** Opening PROVIDED DATA block **

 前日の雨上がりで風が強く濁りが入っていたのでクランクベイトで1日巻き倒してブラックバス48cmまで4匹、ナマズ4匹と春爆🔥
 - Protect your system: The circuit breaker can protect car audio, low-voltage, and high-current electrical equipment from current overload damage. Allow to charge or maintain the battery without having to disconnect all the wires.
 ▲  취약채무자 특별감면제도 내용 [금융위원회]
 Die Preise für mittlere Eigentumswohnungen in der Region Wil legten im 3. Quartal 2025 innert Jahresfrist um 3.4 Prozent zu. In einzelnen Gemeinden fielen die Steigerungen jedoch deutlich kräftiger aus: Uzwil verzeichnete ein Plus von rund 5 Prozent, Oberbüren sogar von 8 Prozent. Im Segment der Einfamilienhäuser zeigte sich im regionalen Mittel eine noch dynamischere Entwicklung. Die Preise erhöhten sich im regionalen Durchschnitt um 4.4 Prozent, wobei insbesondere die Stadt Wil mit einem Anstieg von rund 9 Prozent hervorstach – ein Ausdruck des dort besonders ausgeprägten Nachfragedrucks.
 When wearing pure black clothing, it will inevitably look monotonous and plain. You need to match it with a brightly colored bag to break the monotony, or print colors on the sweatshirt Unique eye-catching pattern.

** Closing PROVIDED DATA block **
** Opening PROVIDED DATA block **

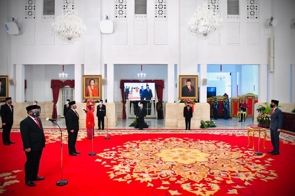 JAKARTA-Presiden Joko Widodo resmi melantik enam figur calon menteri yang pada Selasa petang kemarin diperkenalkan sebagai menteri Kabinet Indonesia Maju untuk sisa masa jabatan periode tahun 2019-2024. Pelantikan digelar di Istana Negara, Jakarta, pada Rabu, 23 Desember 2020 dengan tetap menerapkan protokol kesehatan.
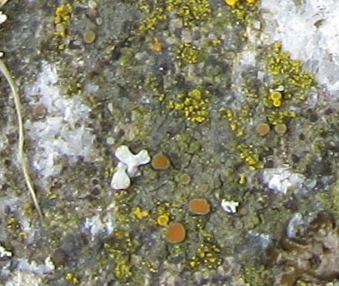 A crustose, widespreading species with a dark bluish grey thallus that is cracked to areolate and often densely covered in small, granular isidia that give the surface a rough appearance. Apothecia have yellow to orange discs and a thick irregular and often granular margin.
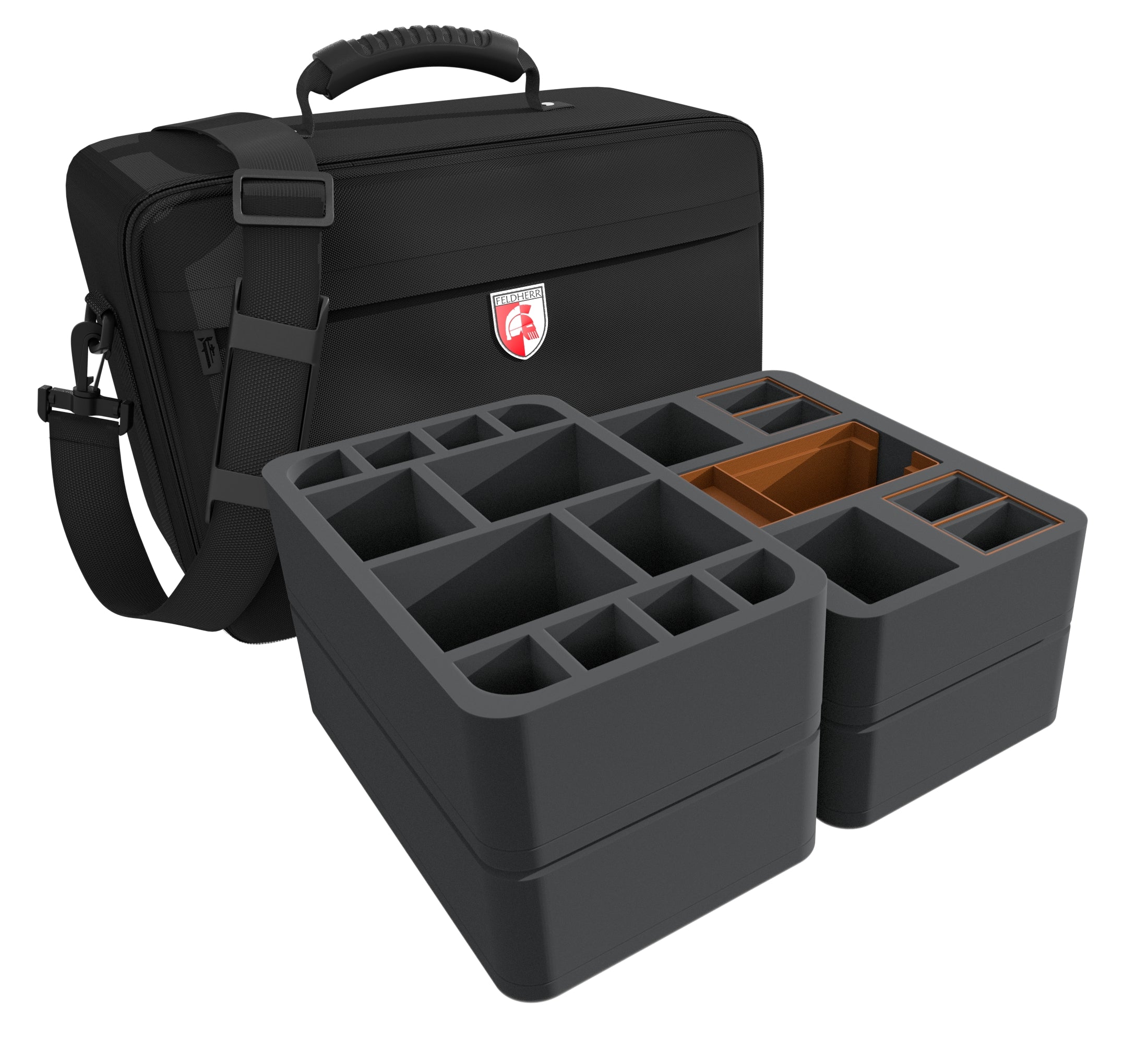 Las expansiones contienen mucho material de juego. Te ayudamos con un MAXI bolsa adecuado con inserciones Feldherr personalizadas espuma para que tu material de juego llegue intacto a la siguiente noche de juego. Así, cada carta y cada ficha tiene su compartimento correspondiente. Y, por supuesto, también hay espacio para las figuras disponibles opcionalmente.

** Closing PROVIDED DATA block **
** Opening PROVIDED DATA block **

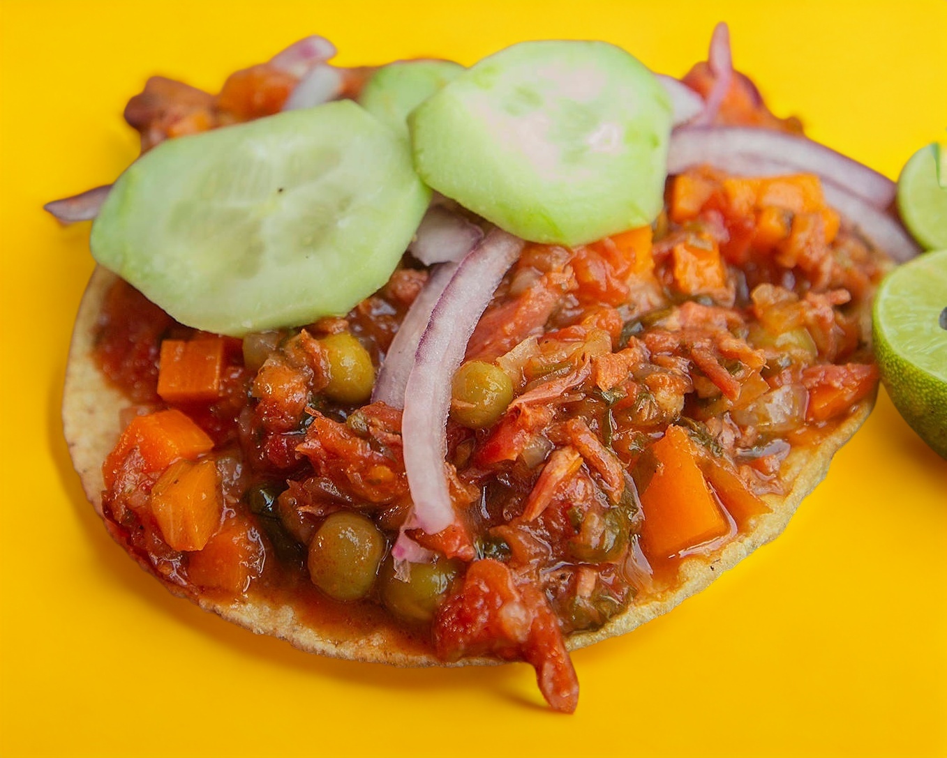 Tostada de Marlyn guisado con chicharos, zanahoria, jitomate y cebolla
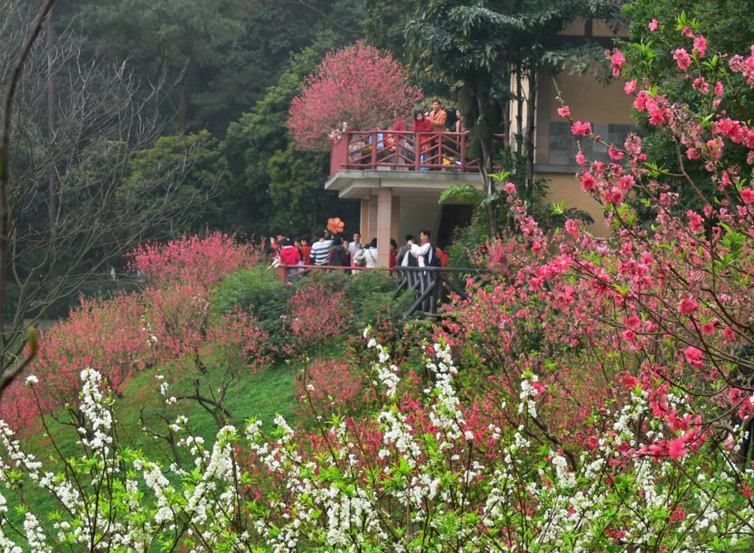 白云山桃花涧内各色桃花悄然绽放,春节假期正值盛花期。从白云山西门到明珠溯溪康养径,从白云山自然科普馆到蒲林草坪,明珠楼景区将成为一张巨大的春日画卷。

** Closing PROVIDED DATA block **

** WHAT YOU HAVE TO DO **
Look above for the line with "前日の雨上がりで風が強く濁り" and the line with "When wearing pure". Write out those two lines and all the lines between them, exactly, and no others.

** RESPONSE BELOW **
 前日の雨上がりで風が強く濁りが入っていたのでクランクベイトで1日巻き倒してブラックバス48cmまで4匹、ナマズ4匹と春爆🔥
 - Protect your system: The circuit breaker can protect car audio, low-voltage, and high-current electrical equipment from current overload damage. Allow to charge or maintain the battery without having to disconnect all the wires.
 ▲  취약채무자 특별감면제도 내용 [금융위원회]
 Die Preise für mittlere Eigentumswohnungen in der Region Wil legten im 3. Quartal 2025 innert Jahresfrist um 3.4 Prozent zu. In einzelnen Gemeinden fielen die Steigerungen jedoch deutlich kräftiger aus: Uzwil verzeichnete ein Plus von rund 5 Prozent, Oberbüren sogar von 8 Prozent. Im Segment der Einfamilienhäuser zeigte sich im regionalen Mittel eine noch dynamischere Entwicklung. Die Preise erhöhten sich im regionalen Durchschnitt um 4.4 Prozent, wobei insbesondere die Stadt Wil mit einem Anstieg von rund 9 Prozent hervorstach – ein Ausdruck des dort besonders ausgeprägten Nachfragedrucks.
 When wearing pure black clothing, it will inevitably look monotonous and plain. You need to match it with a brightly colored bag to break the monotony, or print colors on the sweatshirt Unique eye-catching pattern.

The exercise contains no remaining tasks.